A death march is a forced march of prisoners of war or other captives or deportees in which individuals are left to die along the way.[1] It is distinguished from simple prisoner transport via foot march. Article 19 of the Geneva Convention requires that prisoners must be moved away from a danger zone such as an advancing front line, to a place that may be considered more secure. It is not required to evacuate prisoners who are too unwell or injured to move. In times of war, such evacuations can be difficult to carry out.

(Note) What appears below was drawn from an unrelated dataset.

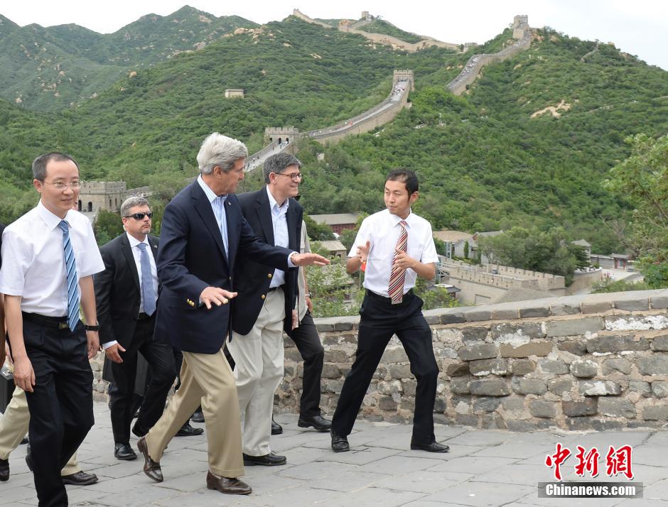| U.S. Secretary of State John Kerry (L2) and U.S. Treasury Secretary Jacob Lew (R2) visit Badaling Great Wall in Beijing, July 8. (CNS/Hou Yu) |
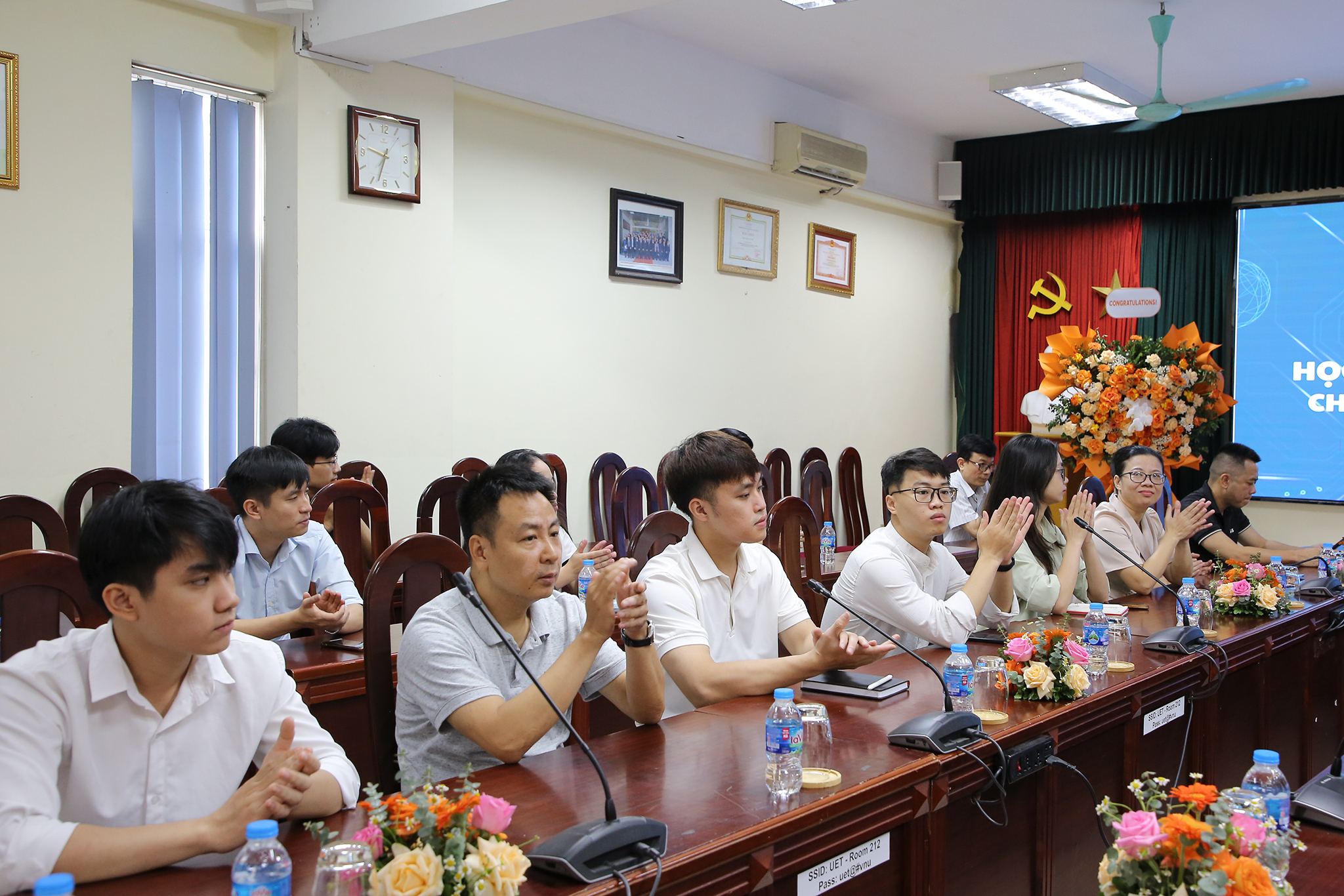 Tham dự buổi gặp mặt có GS.TS Chử Đức Trình – Hiệu trưởng Nhà trường cùng lãnh đạo phòng Đào tạo, khoa Điện tử Viễn thông và các học viên ngành Kỹ thuật điện tử khóa QH-2024.

Death marches usually feature harsh physical labor and abuse, neglect of prisoner injury and illness, deliberate starvation and dehydration, humiliation, torture, and execution of those unable to keep up the marching pace. The march may end at a prisoner-of-war camp or internment camp, or it may continue until all those who are forced to march are dead.

Notable death marches

Jingkang incident

Main article: Jingkang incident

In 1127, during the Jin–Song Wars, the forces of the Jurchen-led Jin dynasty besieged and sacked the Imperial palaces in Bianjing (present-day Kaifeng), the capital of the Han-led Song dynasty. The Jin forces captured the Song ruler, Emperor Qinzong, along with his father, the retired Emperor Huizong, as well as many members of the imperial family and officials of the Song imperial court. According to The Accounts of Jingkang, Jin troops looted the imperial library and palace. Jin troops also abducted all the female servants and imperial musicians. The imperial family was abducted and their residences were looted. Facing the prospect of captivity and enslavement by the Jurchens, numerous palace women chose to take their own lives. The remaining captives, over 14,000 people, were forced to march alongside the seized assets towards the Jin capital. Their entourage – almost all the ministers and generals of the Northern Song dynasty – suffered from illness, dehydration, and exhaustion, and many never made it. Upon arrival, each person had to go through a ritual where the person had to be naked and wearing only sheep skins.[2]

African slave trade

Main articles: Indian Ocean slave trade and Atlantic slave trade

Forced marches were utilized against slaves who were bought or captured by slave traders in Africa. They were shipped to other lands as part of the East African slave trade with Zanzibar and the Atlantic slave trade. Sometimes, the merchants shackled the slaves and provided insufficient food. Slaves who became too weak to walk were frequently killed or left to die.[3][4]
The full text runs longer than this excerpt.